I listened to the Leadership Network telesiminar with Larry Osborne on his new book Sticky Church. There were several helpful thoughts that came out of the time for me.
•    Member retention is not so much about church growth as much as it is about having people stick around long enough to disciple them.
•    For a church to double from 250 to 500 over a 10 year period with a 30% retention rate it takes 834 new members.
•    For a church to double from 250 to 500 over a 10 year period with a 70% retention rate it takes 357 new members.
•    People tend to come to a church because of its children and youth programs. These youth go off to college get married and don’t come back until they have children which repeats the cycle.
•    We measure the wrong thing . For example new members and growth instead of retention.
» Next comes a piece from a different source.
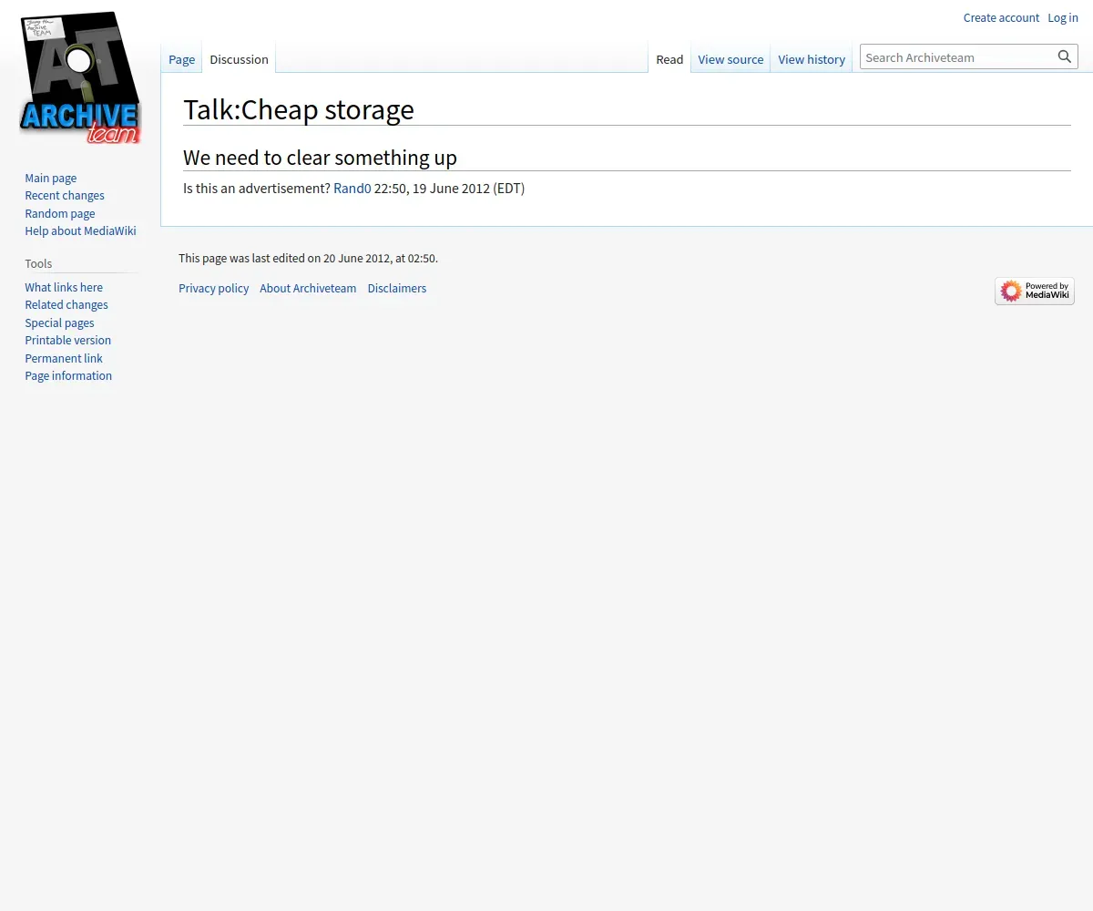 https://wiki.archiveteam.org:443/index.php/Talk:Cheap_storage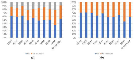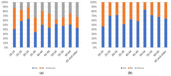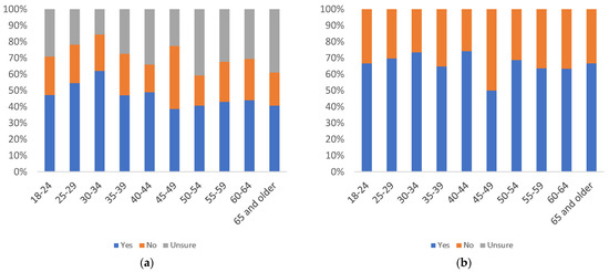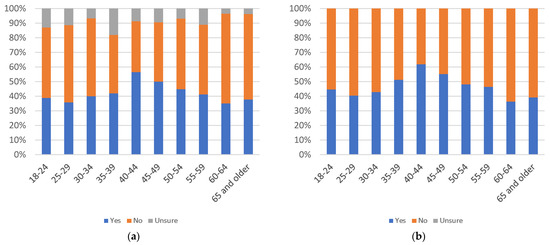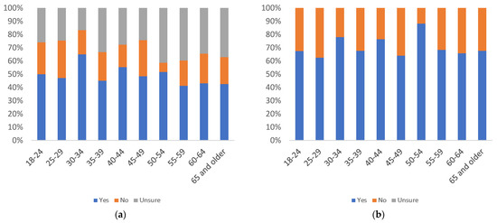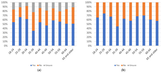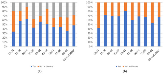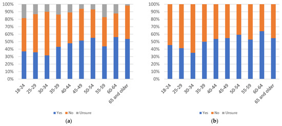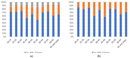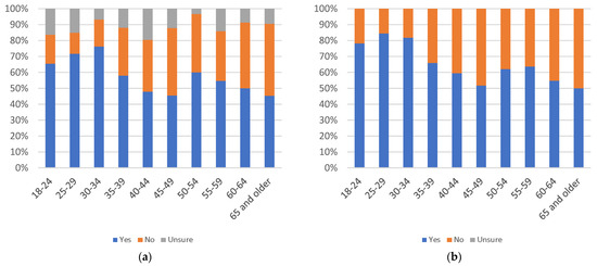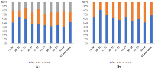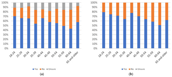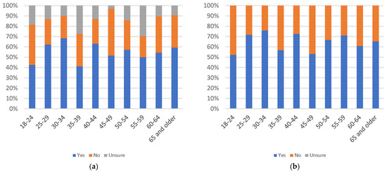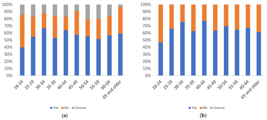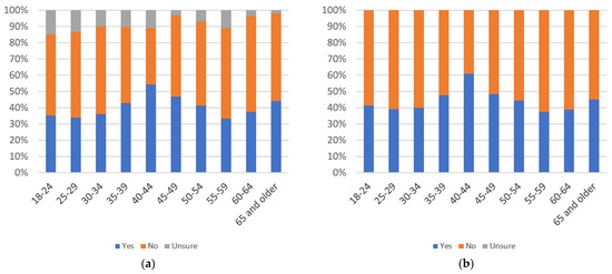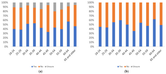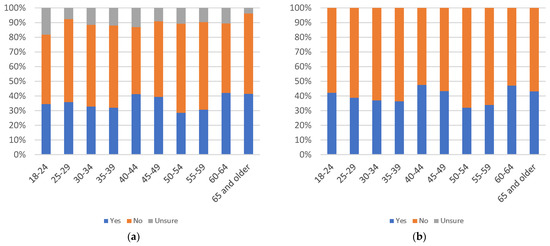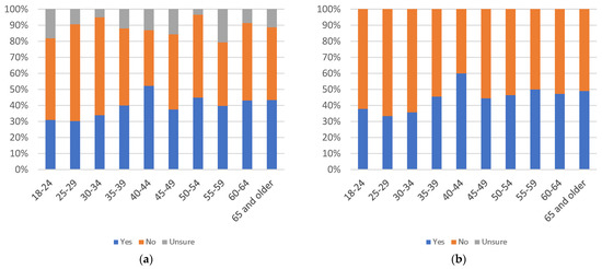 Label others’ use, by age group: (a) with uncertain respondents (left) and (b) without uncertain respondents (right).

•    Most small group models are broken and we retool them every 3-7 years. NC has a “very relational model” base on the word (sermon) that hasn’t changed in the last 22 years.
•    NC has 80% of Sunday morning attendance number in small groups.
•    People are like legos. Once their connectors are full they become friendly but don’t connect. Often time churches aren’t “clickish” their connectors are just filled. Create new groups for new people.
•    People need their own “Mayberry USA” in a hectic world. Churches that are constantly dividing and multiplying are more about growing the church than the people!
•    “Ingrown talk” is often more about leaders trying to “drive the people to accomplish what we want” than it is a concern about growing the people!
•    I wonder what our “retention rates are relative to our new members.